Solomon perked up, clearly deciding to reverse the curses. "May this vile curse return to the one who conjured it. Turn the heads of time and unwind the wrongdoing that triggered it! I am the magician Solomon, head my command! Let none oppose it, and none escape it!"
A magic circle formed overhead, spinning quickly before a flash of blue light emitted from it. Once the light dimmed, those who had been turned into a little D or sheep had returned to normal.
"I've got hands and feet!" Levi whooped in delight.
"Belphie!" Beel ran toward his twin and picked him up in a tight hug. "Thank goodness!"
"B-Beel! T-too t-tight!" Belphie squeaked as Beel's crushing hug prevented him from being able to breathe.
Grabbing Asmo's hand, Solomon lead the others to the dining room to partake in what he claimed to be the "best meal he'd ever made." The others glanced eachother uncertainly, unsure of how to tell the sorcerer that his food was straight shit on a plate, despite Vivi having used worse words to describe his cooking. As the room cleared, Beel grabbed Storm by the wrist, urging her to stay back for a moment.
"Before Solomon's cooking kills us both, I have something I want to tell you." Beel stated flatly.
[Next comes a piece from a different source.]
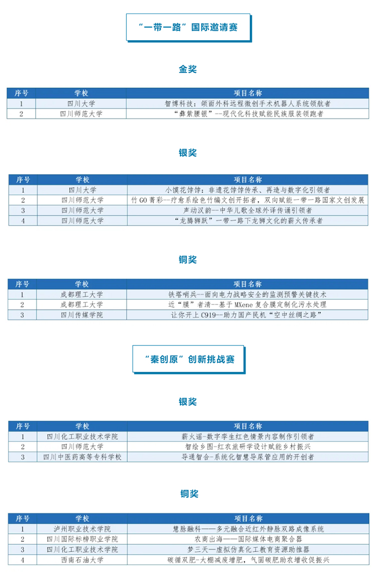 在国赛主体赛中,四川省高校斩获金奖5个、银奖12个、铜奖51个。在专项赛中,四川省也取得了优异成绩,其中“一带一路”国际邀请赛获金奖2个、银奖4个、铜奖3个,“秦创原”创新挑战赛获银奖3个、铜奖4个。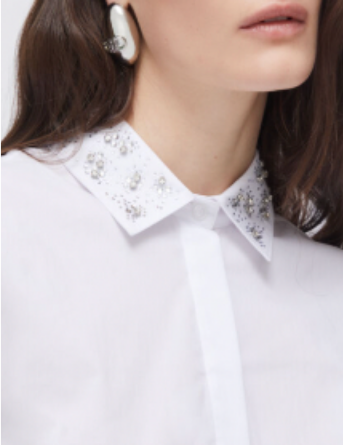 Cette chemise avec broderies de pierres Liu Jo revisite le classique intemporel de la chemise blanche avec des détails sophistiqués. Confectionnée dans une matière de qualité, elle se distingue par ses broderies pierres et bijoux qui apportent une touche de lumière et de modernité à vos tenues.

Storm chuckled. "Sure, what's up?"
"I wanted to leat you know how much I appreciated what you did." Beel beamed, capturing Storm in a another hug. "If my life candle had burned out, I wouldn't be here...And you gave me some of your life essence, even though you're a human and your life is a lot shorter than ours..."
Storm nodded, rubbing Beel's back as he took a shuddered breath.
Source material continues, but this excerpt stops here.